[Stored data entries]
· · · ·
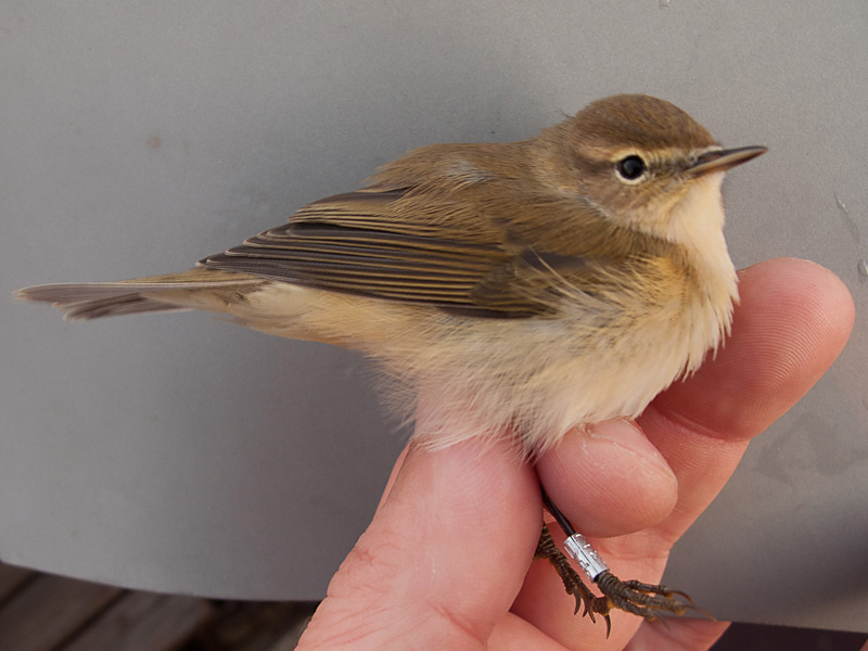 We also trapped many birds at our normal ringing sites. Between 11 September and 9 October I personally ringed,measured and photographed 45 Chiffchaffs at the Laajalahti ringing site, and of these, 18 called in the hand or immediately after release, all using the sweeoo call. One of these 18 was identified as an adult based on fresh rectrices with rounded tips. William Velmala also ringed one adult with a sweeoo call.
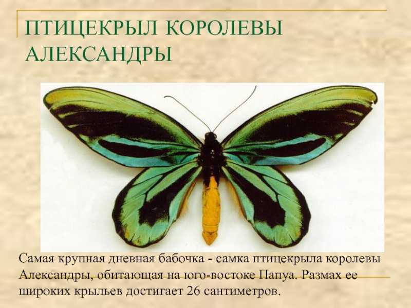 Слайд 13ПТИЦЕКРЫЛ КОРОЛЕВЫ АЛЕКСАНДРЫ
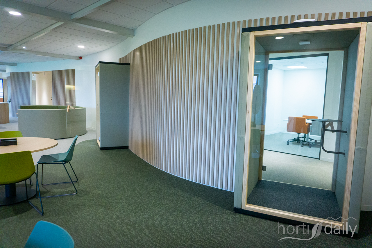 De kantine biedt ruimte aan de 50 collega's die hier gaan werken
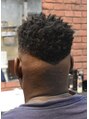 ブラックヘアーを活かしたフェードスタイル。バックにVのラインを入れてデザインフェードに。トップは特殊スポンジで束間を作りパートラインを。直毛の方は針金パーマをかけることで、ブラックヘアを再現できます。
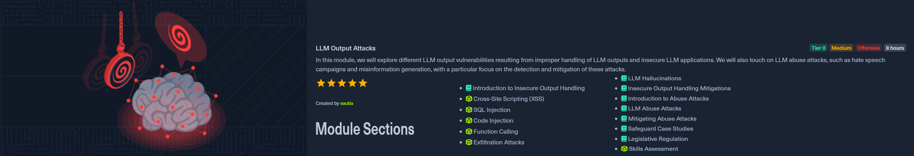 Created by vautia, this 14-section module runs about 8 hours and flips the script from input manipulation to output exploitation. Where prompt injection focuses on what goes into an LLM, this module examines what comes out and how that output can compromise systems.
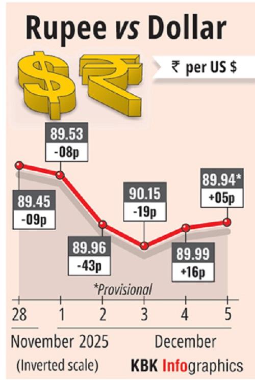 After the RBI's monetary policy announcement, the rupee lost ground and fell to 90.06 against the American currency, a 16-paise decline from its previous close of 89.89.
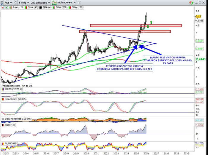 VICTOR URRUTIA EN FAES FARMA (1ª Vista Gráfica) En Febrero de 2025 comunicó este hombre una posición inicial en FAES del 3,338%, un mes después la aumentó al 5,02%, a este hombre le encanta, como a otros muchos subirse a tendencia aprovechando recortes técnicos puntuales. Lo recuerdo como si fuese hoy mismo, tampoco hace mucho tiempo de ello como para tener tan poca memoria, pero es que tenía este valor en radar en ese momento, como creo comuniqué en en el Canal a lo largo del año reciente terminado, estando ya a día de hoy en el valor. Pero a lo que vamos del lado manipulativo como tantos otros ejemplos ya señalados.
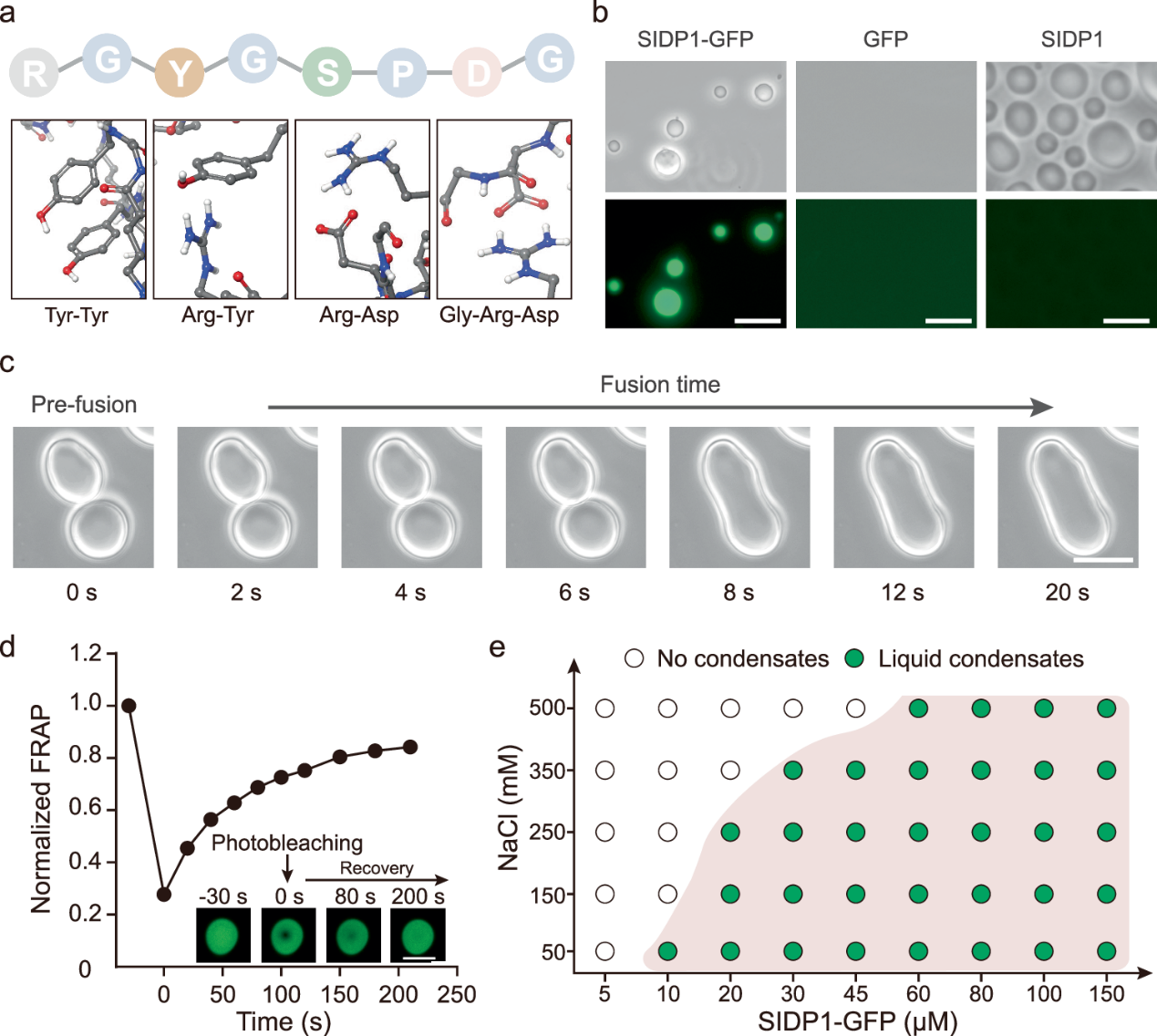 针对上述问题,该研究从头设计了系列人工无序蛋白(SIDP),并利用其在典型原核模式微生物枯草芽孢杆菌(Bacillus subtilis)中构建人工无膜细胞器,实现了代谢网络和蛋白翻译过程的正交调控。首先,基于LLPS形成机制提出了“搭积木”策略,即将单个氨基酸看作积木块,“理性搭建”了八肽基本单元FW1,并进一步将FW1串联重复20次获得SIDP1。其次,通过共聚焦显微镜等技术可视化证明了SIDP1在体外可以形成具有液态流动性的无膜细胞器(图1),且通过改变温度、盐离子和分子拥挤剂浓度等环境因素可以调节无膜细胞器的形成与性质;在此基础上,改变氨基酸组成和排列顺序以创制系列可形成具有不同性质无膜细胞器的SIDP,从而在基因编码层面上进一步证明了无膜细胞器的可编程性。随后,利用SIDP1在B. subtilis中构建人工无膜细胞器(图2),并通过互作短肽与“无铜点击化学”证明人工无膜细胞器对生物大分子(蛋白等)的招募特异性和对生物小分子(化合物等)的自由渗透性(图3)。
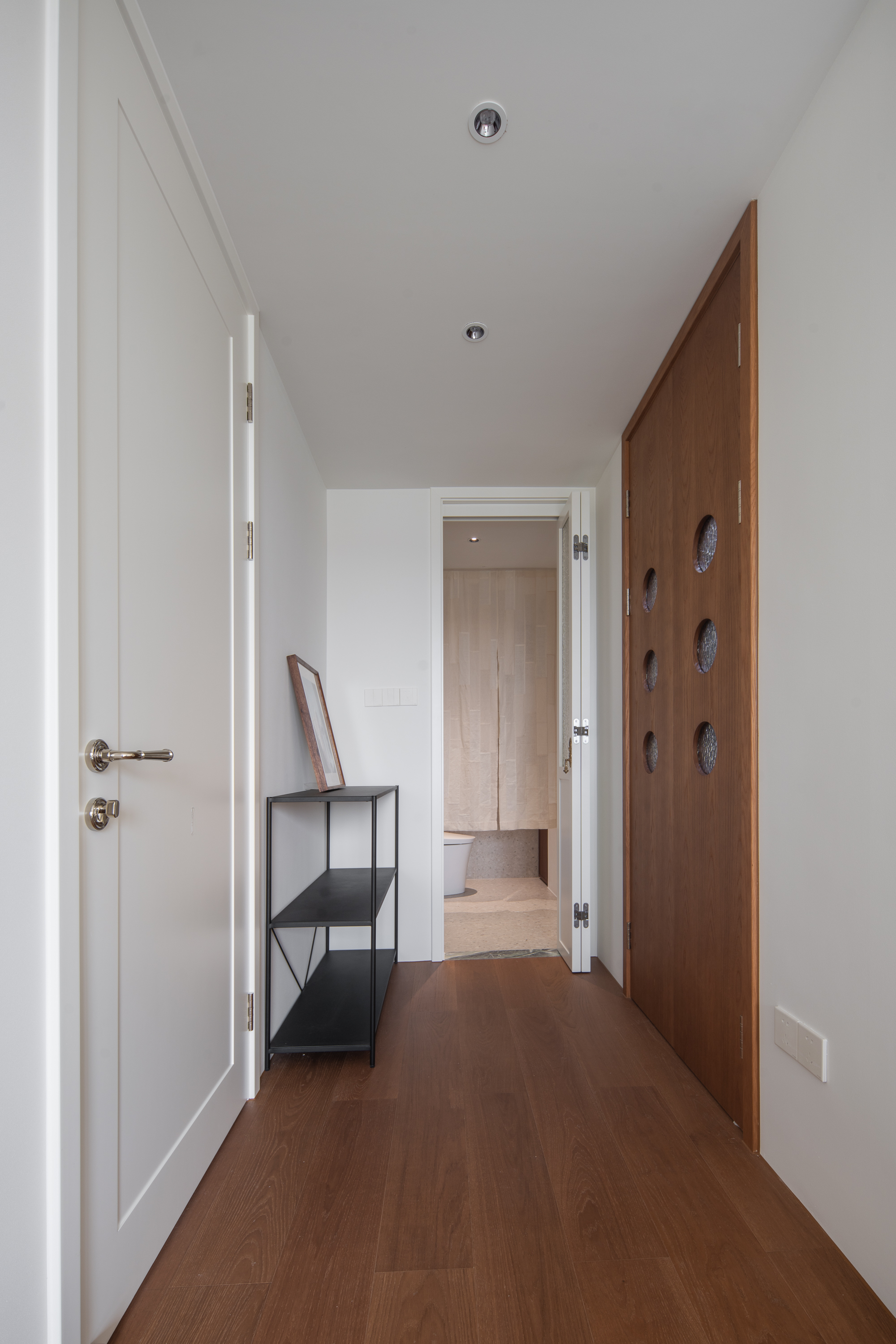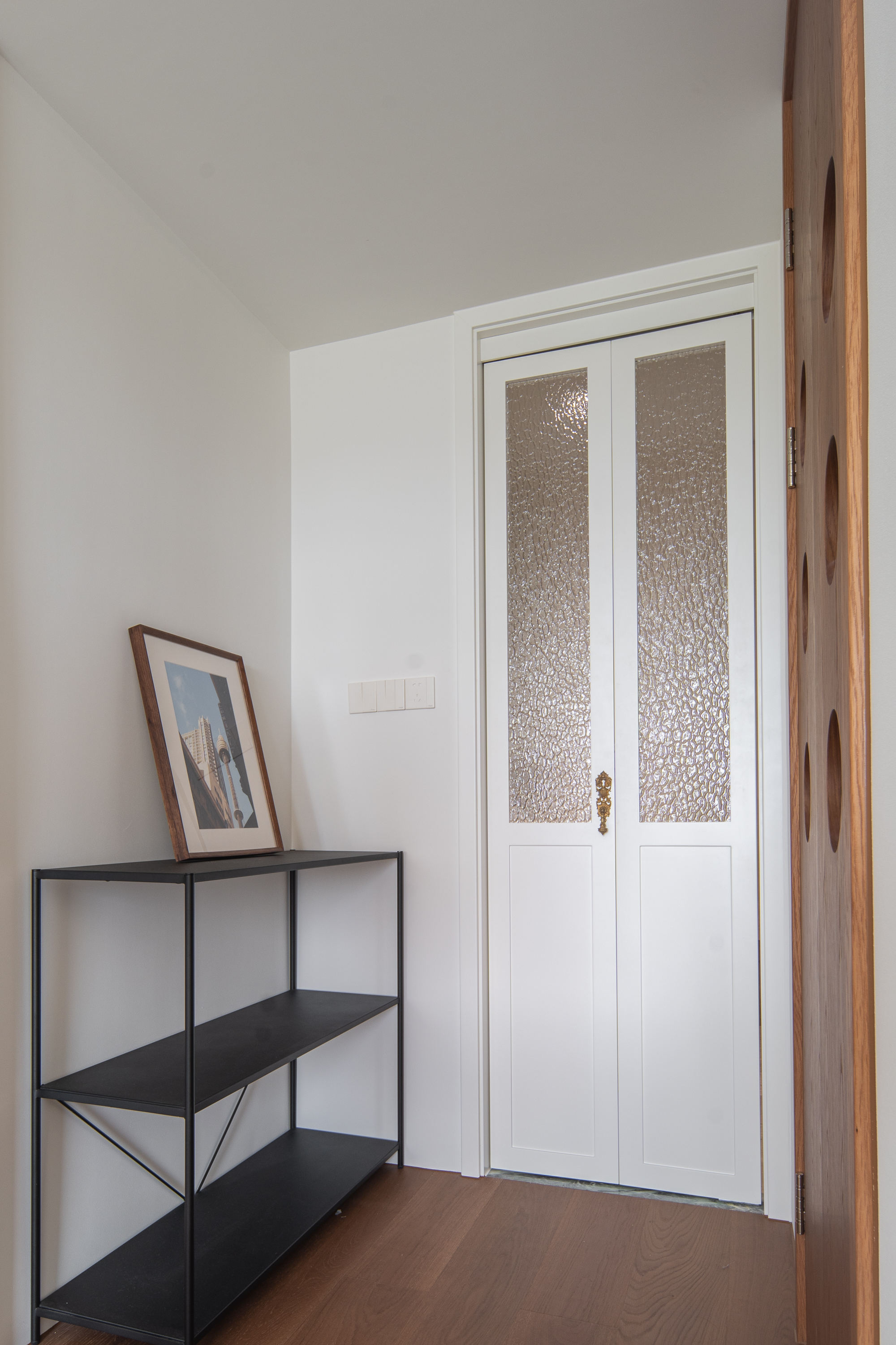 考虑到衣帽间和卫生间同时开门的空间压力,卫生间和衣帽间分别采用了折叠门和双开门,解决了进出卫生间和衣帽间的逼仄感。
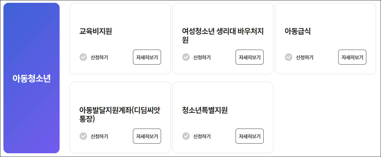 교육비 지원, 여성 청소년 생리대 바우처 지원, 아동급식, 아동 발달지원 계좌(디딤씨앗통장), 청소년 특별지원 신청이 가능합니다.
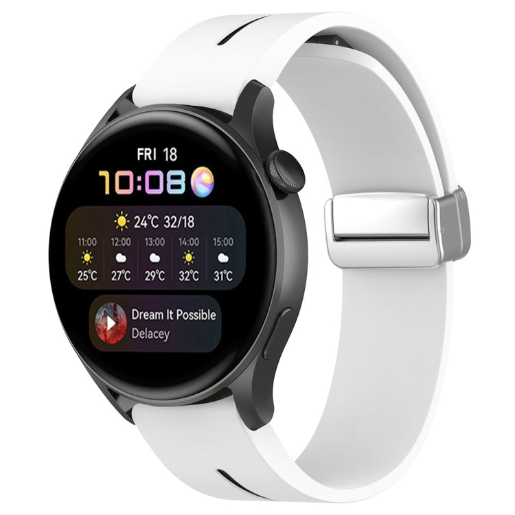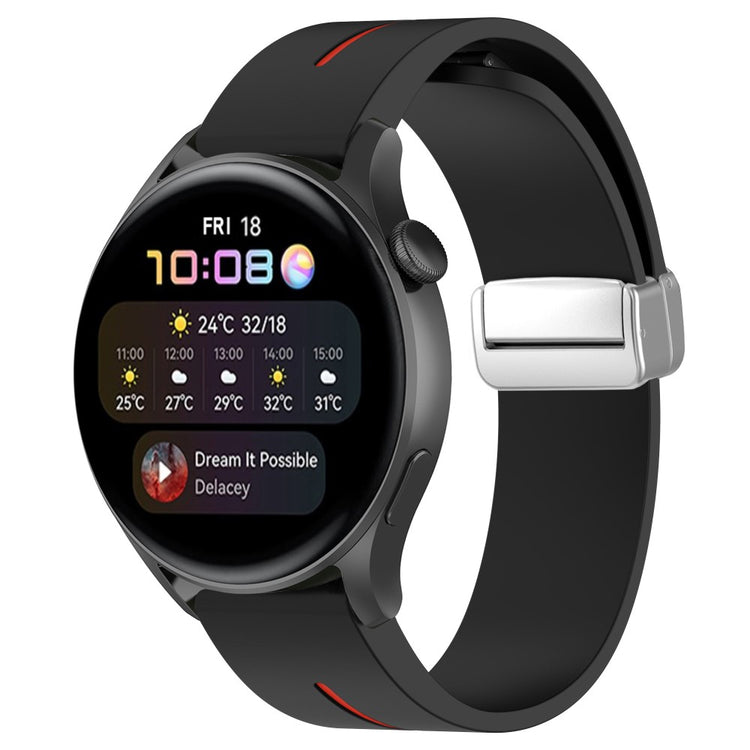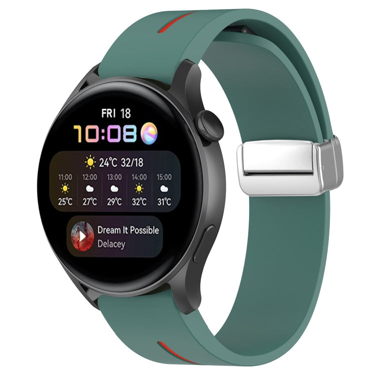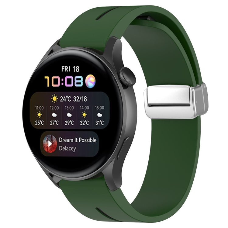 Entscheiden Sie sich für unser Uhrenarmband für die Huawei Watch GT 4 (46mm) und die Samsung Galaxy Watch3 (45mm), um Ihrem Wearable einen frischen Look zu verleihen! Dieses hochwertige Silikonmaterial sorgt nicht nur für eine bequeme Passform, sondern auch dafür, dass das Armband einfach mit Ihren täglichen Outfits kombinierbar ist. Es ist hautverträglich und verursacht keine Allergien, sodass Sie es bedenkenlos tragen können. Mit seiner Langlebigkeit und Robustheit ist dieses Armband die perfekte Wahl für den täglichen Gebrauch. Dank des cleveren faltbaren magnetischen Schnallendesigns lassen sich die Größen mühelos anpassen, was den Tragekomfort weiter erhöht. Wenn Sie Ihr altes, beschädigtes Armband ersetzen möchten, ist dieses Produkt die ideale Lösung. Warten Sie nicht länger und gönnen Sie sich das perfekte Accessoire für Ihre Smartwatch!
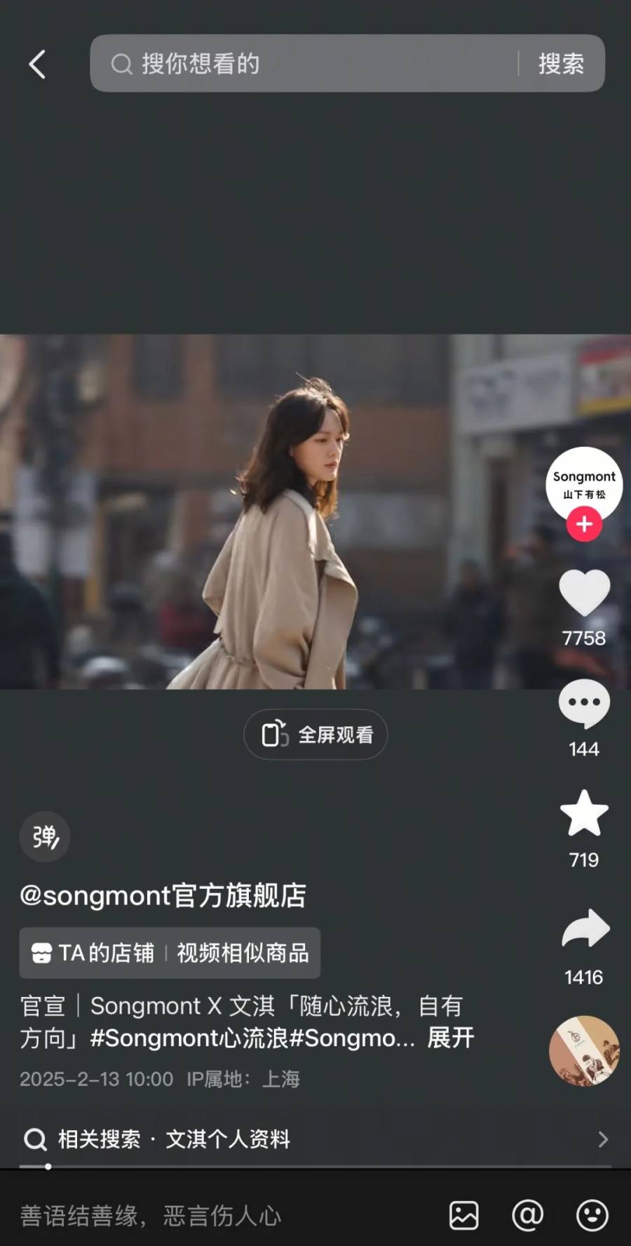 与文淇的合作,彻底将山下有松Songmont带火了。
· · · ·
§ TASK ITEM:
A verbatim copy of the records is needed, with all images omitted.

§ YOUR RESPONSE:
 We also trapped many birds at our normal ringing sites. Between 11 September and 9 October I personally ringed,measured and photographed 45 Chiffchaffs at the Laajalahti ringing site, and of these, 18 called in the hand or immediately after release, all using the sweeoo call. One of these 18 was identified as an adult based on fresh rectrices with rounded tips. William Velmala also ringed one adult with a sweeoo call.
 Слайд 13ПТИЦЕКРЫЛ КОРОЛЕВЫ АЛЕКСАНДРЫ
 De kantine biedt ruimte aan de 50 collega's die hier gaan werken
 ブラックヘアーを活かしたフェードスタイル。バックにVのラインを入れてデザインフェードに。トップは特殊スポンジで束間を作りパートラインを。直毛の方は針金パーマをかけることで、ブラックヘアを再現できます。
 Created by vautia, this 14-section module runs about 8 hours and flips the script from input manipulation to output exploitation. Where prompt injection focuses on what goes into an LLM, this module examines what comes out and how that output can compromise systems.
 After the RBI's monetary policy announcement, the rupee lost ground and fell to 90.06 against the American currency, a 16-paise decline from its previous close of 89.89.
 VICTOR URRUTIA EN FAES FARMA (1ª Vista Gráfica) En Febrero de 2025 comunicó este hombre una posición inicial en FAES del 3,338%, un mes después la aumentó al 5,02%, a este hombre le encanta, como a otros muchos subirse a tendencia aprovechando recortes técnicos puntuales. Lo recuerdo como si fuese hoy mismo, tampoco hace mucho tiempo de ello como para tener tan poca memoria, pero es que tenía este valor en radar en ese momento, como creo comuniqué en en el Canal a lo largo del año reciente terminado, estando ya a día de hoy en el valor. Pero a lo que vamos del lado manipulativo como tantos otros ejemplos ya señalados.
 针对上述问题,该研究从头设计了系列人工无序蛋白(SIDP),并利用其在典型原核模式微生物枯草芽孢杆菌(Bacillus subtilis)中构建人工无膜细胞器,实现了代谢网络和蛋白翻译过程的正交调控。首先,基于LLPS形成机制提出了“搭积木”策略,即将单个氨基酸看作积木块,“理性搭建”了八肽基本单元FW1,并进一步将FW1串联重复20次获得SIDP1。其次,通过共聚焦显微镜等技术可视化证明了SIDP1在体外可以形成具有液态流动性的无膜细胞器(图1),且通过改变温度、盐离子和分子拥挤剂浓度等环境因素可以调节无膜细胞器的形成与性质;在此基础上,改变氨基酸组成和排列顺序以创制系列可形成具有不同性质无膜细胞器的SIDP,从而在基因编码层面上进一步证明了无膜细胞器的可编程性。随后,利用SIDP1在B. subtilis中构建人工无膜细胞器(图2),并通过互作短肽与“无铜点击化学”证明人工无膜细胞器对生物大分子(蛋白等)的招募特异性和对生物小分子(化合物等)的自由渗透性(图3)。
 考虑到衣帽间和卫生间同时开门的空间压力,卫生间和衣帽间分别采用了折叠门和双开门,解决了进出卫生间和衣帽间的逼仄感。
 교육비 지원, 여성 청소년 생리대 바우처 지원, 아동급식, 아동 발달지원 계좌(디딤씨앗통장), 청소년 특별지원 신청이 가능합니다.
 Entscheiden Sie sich für unser Uhrenarmband für die Huawei Watch GT 4 (46mm) und die Samsung Galaxy Watch3 (45mm), um Ihrem Wearable einen frischen Look zu verleihen! Dieses hochwertige Silikonmaterial sorgt nicht nur für eine bequeme Passform, sondern auch dafür, dass das Armband einfach mit Ihren täglichen Outfits kombinierbar ist. Es ist hautverträglich und verursacht keine Allergien, sodass Sie es bedenkenlos tragen können. Mit seiner Langlebigkeit und Robustheit ist dieses Armband die perfekte Wahl für den täglichen Gebrauch. Dank des cleveren faltbaren magnetischen Schnallendesigns lassen sich die Größen mühelos anpassen, was den Tragekomfort weiter erhöht. Wenn Sie Ihr altes, beschädigtes Armband ersetzen möchten, ist dieses Produkt die ideale Lösung. Warten Sie nicht länger und gönnen Sie sich das perfekte Accessoire für Ihre Smartwatch!
 与文淇的合作,彻底将山下有松Songmont带火了。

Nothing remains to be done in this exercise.